Miraculously, the small house on the property still stands, so my mother-in-law and her partner have shelter (other neighbors lost even more). But much of what made the place home has been lost.

From what I could tell after visiting the facility on Tuesday, the fire was highly volatile. It came within a few feet of the house. It was so close that it was so hot that the window frames warped. Don’t ask me why the metal melted and the double-glazed windows broke, but the wooden house didn’t catch fire.

What remains of nearby structures are but ghostly evidence of its existence. Toxic ash piles, concrete scaffolding, metal furniture frames – to take my word for it – were once part of a relaxing and meditative outdoor environment. Many of the lemon trees remain as if they were untouched. Others were completely annihilated, and the hills on which they stood turned black and dry. In a separate office, Ian kept photos of the damage to his old home from the 1990 Santa Barbara wildfires. That office and that photo are gone.

Still, in the midst of the disaster, my mother-in-law and her neighbors are seeing the community coming together, the flames being contained, lost pets being evacuated, and advance notice of whether others have escaped. He told us about the people he had visited and the homes he had saved. by firefighters and those who had to remain at the scene.

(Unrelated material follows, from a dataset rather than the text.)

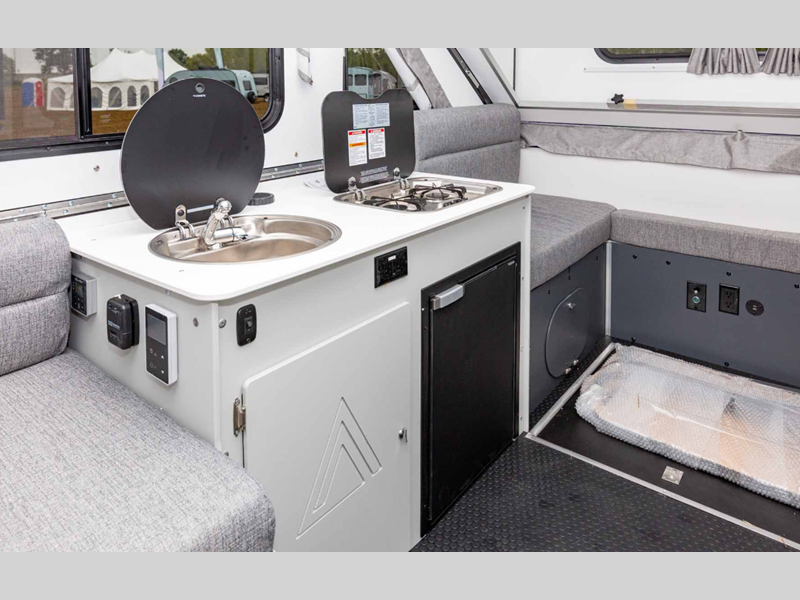 The Evolution by Aliner is the next generation A-frame camper with comfortable spaces and high-end materials, all in a package that can easily be parked in your garage.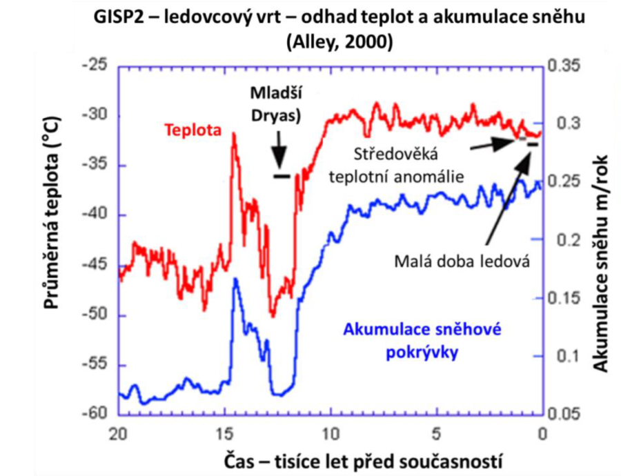 Rekonstrukce teploty vzduchu (levá osa) a akumulace sněhu v metrech za rok (pravá osa) z ledovcového vrtu ve středním Grónsku za posledních 20 tisíc let (vpravo rok 2000) - patrné jsou výrazné výkyvy před 15 až 10 tisíci lety, zdroj: klimatickazmena.cz a NOAA

“Everyone was looking out for everyone,” race car driver Trevor Huddleston said. The family owns land nearby and also happens to be the manager of the historic Irwindale Speedway. On Tuesday, he showed me the damage on his land. His family’s home still stands, but the fire destroyed many of the avocado trees (or, in Huddleston’s words, “green gold”) that had produced record amounts of fruit the previous year. In a strange stroke of luck, firefighters were able to access a well on his property because a new concrete driveway had just been completed.

Don’t get me wrong. Many people lost everything in this fire, definitely more than my mother-in-law. But where she lost her sense of safety, she and her neighbors strengthened their sense of solidarity through simple but heroic acts of kindness. In troubling times, when powerful forces are trying to pit people against each other, it’s a good thing to hold on to.